Die »Ja-aber-Liberalen« beschreiben sich auch gern als „bürgerlich-liberal“. Vertreter dieser Strömung sind überzeugt davon, dass die Marktwirtschaft eine gute Sache ist. Sie stehen dem Staat nicht ablehnend gegenüber, bestenfalls skeptisch. Wirtschaftspolitisch folgen sie meist den großen liberalen Vordenkern. Geht es aber um die strikte Trennung von Kirche und Staat, hört sich der liberale Spaß auf. Nach dem starken Staat wird auch dann laut gerufen, wenn unerwünschte Formen des zwischenmenschlichen Zusammenlebens vor deren Legalisierung „geschützt“ werden sollen.

Die »Traktor-Liberalen« halten es für höchst zweifelhaft, dass sich Preise an Angebot und Nachfrage orientieren. Ihrer Ansicht nach sollten dafür die monatlich anfallenden Kosten in landwirtschaftlichen Kleinbetrieben bzw. die Tarife für die neuesten Großtraktoren herangezogen werden. Vertreter dieser Ansicht finden Wettbewerb gut, solange er nicht in der eigenen Branche wüten darf. Die Traktor-Liberalen bekennen sich auch zum Privatvermögen, sind aber überzeugt davon, dass der Verkauf von Staatsbetrieben einer Verschleuderung von Volksvermögen gleichkommt. Diese Spezies der Liberalen geniert sich auffallend für den Begriff „Marktwirtschaft“, weshalb sie ihm gern ein Attribut voranstellt. Besonders beliebt: „sozial“ oder „ökosozial“.
Die »Blut-und-Boden-Liberalen« nennen sich auch gern „nationalliberal“. Sie teilen eine ausgeprägte Vorliebe für das Teutonische. Marktwirtschaft ist nicht schlecht, solange es nicht um die Kapitalmärkte geht. Vertreter dieser Strömung geben oft auch „antizionistisch“ (die smarte Form des Antisemitismus, auch bei Linken sehr populär).

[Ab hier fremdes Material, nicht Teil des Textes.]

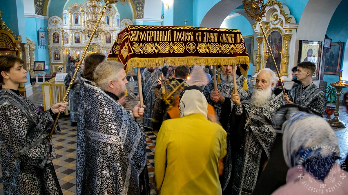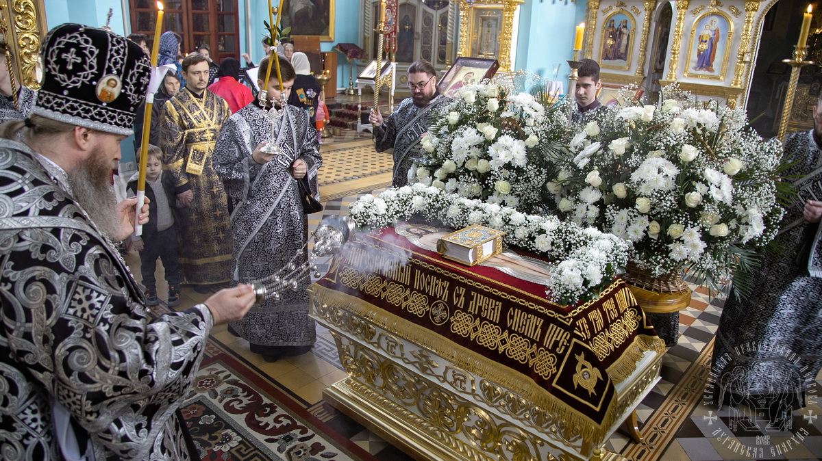 Вечером 22 апреля, Высокопреосвященнейший Пантелеимон, митрополит Луганский и Алчевский, совершил Вечерню с выносом Плащаницы и Утреню Великой Субботы с чином погребения Плащаницы в Свято-Петропавловском кафедральном соборе.
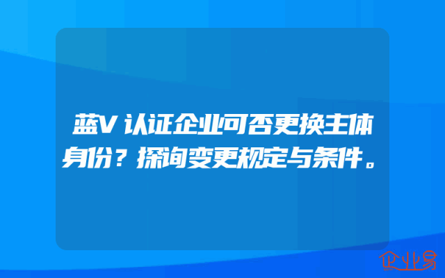 - 蓝V认证企业可否更换主体身份?探询变更规定与条件。
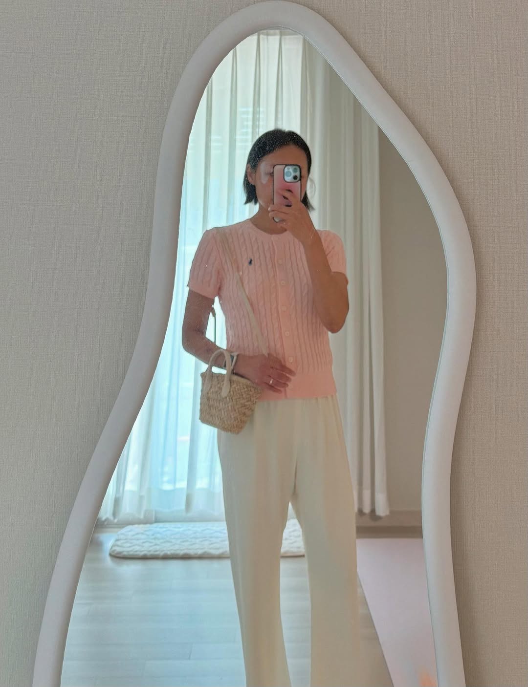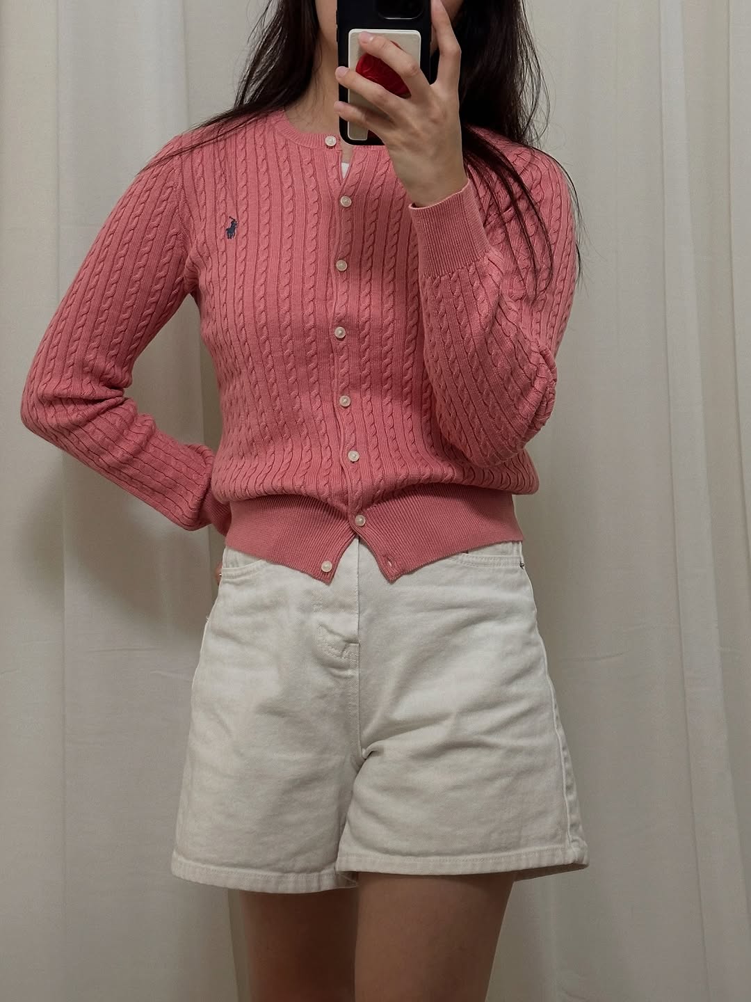 이날 제가 데려온 아이템은 바로 요 폴로 랄프로렌 케이블 라운드 가디건이에요. 러블리한 연핑크 컬러와 깔끔한 케이블 짜임이 정말 사랑스러웠어요. 🎀💕 S 사이즈를 착용했는데, 힙 위로 살짝 떨어지는 기장감이 데님이나 스커트, 슬랙스 어디에나 잘 어울릴 것 같았어요. 특히 봄, 가을에 실내에서 가볍게 걸치기 딱 좋은 두께감이라 활용도가 정말 높을 것 같아요.

Die Liberalen ohne Attribut repräsentieren die unwichtigste, weil hierzulande weitgehend ausgestorbene Geisteshaltung. Sie unterscheiden nicht zwischen links-, rechts-, national-, anarcho-, gesellschafts- oder wirtschafts-liberal. Sondern zwischen liberal und nicht liberal. Sie glauben nicht, dass erwachsene Menschen permanent von pragmatisierten Beamten durch das Leben geführt werden müssten. Vielmehr erwarten sie, dass öffentlich Bedienstete nur daran interessiert sein sollten, ihren Arbeitgebern (also den Bürgern) die beste Dienstleistung zu den niedrigsten Kosten zu bieten.

Liberale sehen in der Marktwirtschaft auch keine Ideologie zur nachhaltigen Ausbeutung der Schwächeren. Sondern das beste fehleranfällige System, das der Menschheit zur Verfügung steht. Womit auch erklärt wäre, warum sie es in Österreich so schwer haben.